Wednesday, June 9, 2010

On reading (and teaching) grown-up novels

I'm thinking about my Fall 2010 syllabus for Native American Literature, and wondering whether I should replace Erdrich's Love Medicine with her novel The Painted Drum. Either one would be excellent, but here's the thing: I feel like the latter is a novel for grown-ups.

Yes, my students are in college, and so they are, technically, grown-ups. Most of them, however, have not had a situation or event that challenged them. You know, the kind that shake you to your core, the kind that make you wonder if you're going to survive. The kind that, if you do survive, you feel like that thing has taken a bite out of you, that you're not the same person you were before it happened. I feel like a person who's been through that will appreciate The Painted Drum. And most people around age 20 have not had that experience yet.



Oddly enough, by the time I was 21, I had. In December of 1983, my step-father was in a near-fatal car accident. Technically speaking, I suppose it was fatal since he died on the way to the hospital. They revived him in the helicopter (after having cut him out of the car, the Ford station wagon I had learned to drive on that was more like a tank). He went through hours of surgery, weeks of being on the brink, months of hospitalization, and years of recovery. He survived. In the fall of 1984, not many months after my step-father came home, we found out that my mother had a massive brain tumor. Again, there was surgery, hospitalization, recovery slow and scary. She survived. Both of them even went back to work for a while.

When we (in my family) tell the story about that year, people commend us on our strength, on getting through one hell of a time. It's true that we had to become stronger in order to cope, that we had to face incredible loss and grapple with horrible fears. And even though we may want to put a happy ending on that story--everything turned out fine, we all made it through and are better for it--while all of those things are true, the fact remains that we all were wounded by it in some way, too. It is true that we are stronger; it is also true that we were all damaged.
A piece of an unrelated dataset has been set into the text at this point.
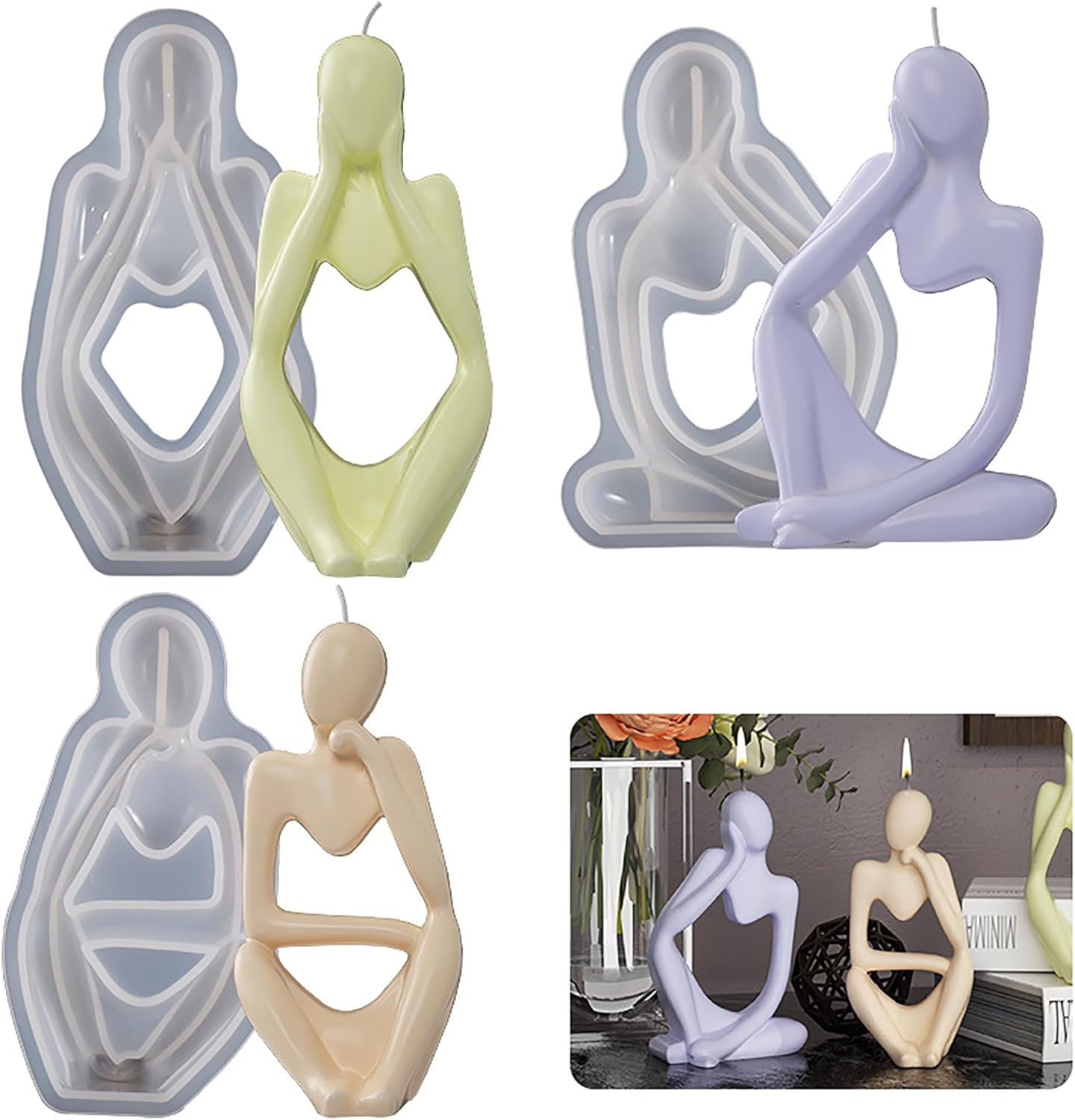 【مفكر فريد】 أظهر شخصيتك وذوقك النبيل بالكامل، تصميم المظهر الخاص منعش. تفاصيل قالب شمعة THINKER الشفافة تجعل أعمالك حيوية وتجعل ديكور منزلك غير رتيب!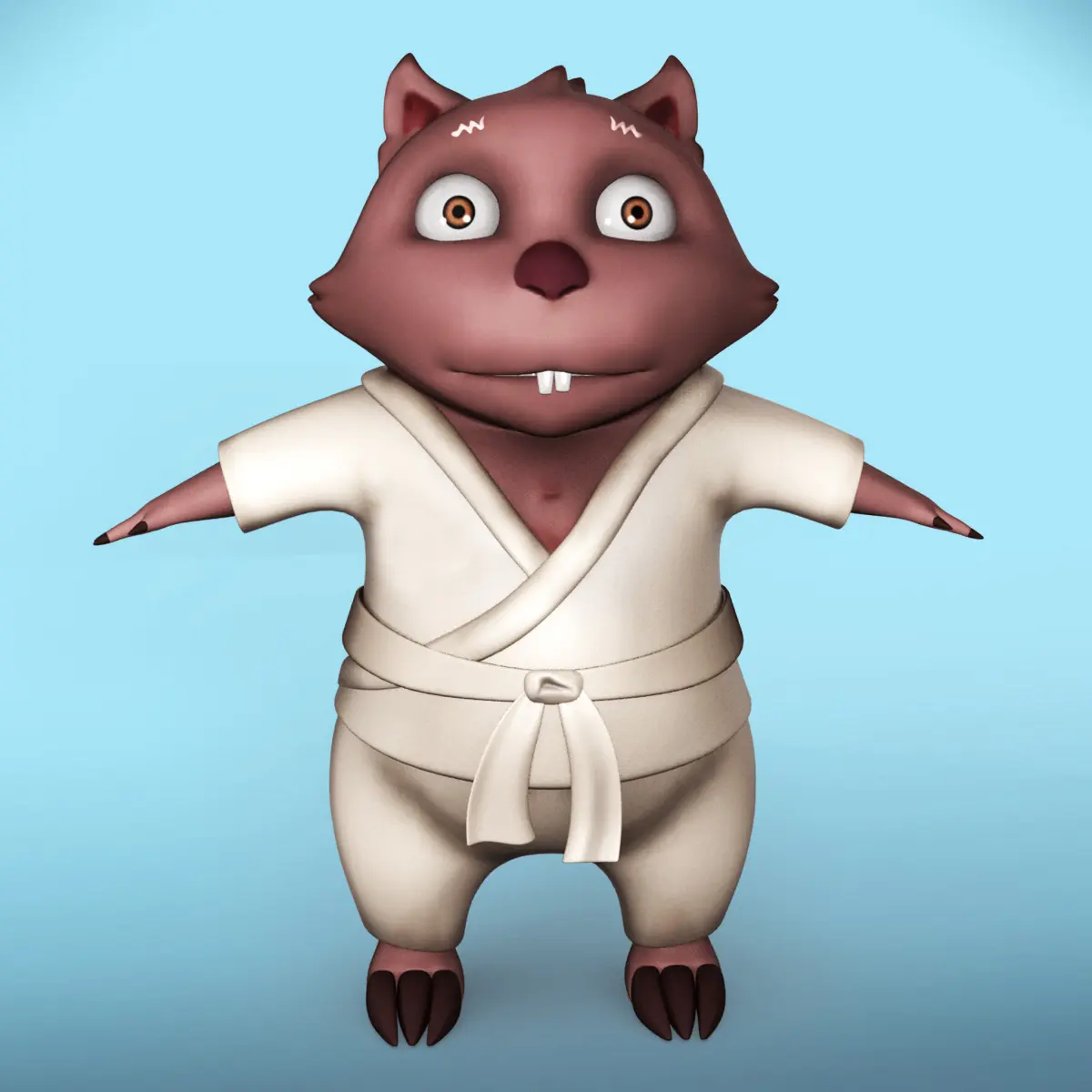 Cute karate chopping wombat in T pose low-poly 3d model ready for Rigging ,Animation Projects, Virtual Reality (VR), Augmented Reality (AR), games and other real-time apps.

You don't go through something like that and not have it scar you somehow.

But I have to tell you, I noticed a difference, after that year, between me and other people my age. I felt older than everyone else. I felt like I'd seen Trouble. I felt grown up. Other people my age acted, mostly unconsciously, like they were going to live forever; I knew I could die tomorrow. That knowledge led me to make some changes--I changed my major from computer science, the practical thing with job security, to English, the thing I really loved; my boyfriend and I broke up.

When I was 21, I would have appreciated The Painted Drum, with its characters dealing with trauma, incredible personal loss, regret, survival. I'm just not sure how many of my students will be in the same place this fall...

May you be at peace today with your grown-up life,
Karen

8 comments:

  1. Maybe you could look at this differently, since the general trend these days is that most people in our piece of the world (culturally speaking, sociologically speaking) don't meet the curse/blessing of big life-altering trauma by the time they are 30 or even 40. At 35 most of my 35yo peers have still had it way easier in the trauma department than you and I. Consider that you might be giving your students a gift if you do teach them this book while they have their time with you. Consider that they might not read it otherwise, and might need its lessons down the road.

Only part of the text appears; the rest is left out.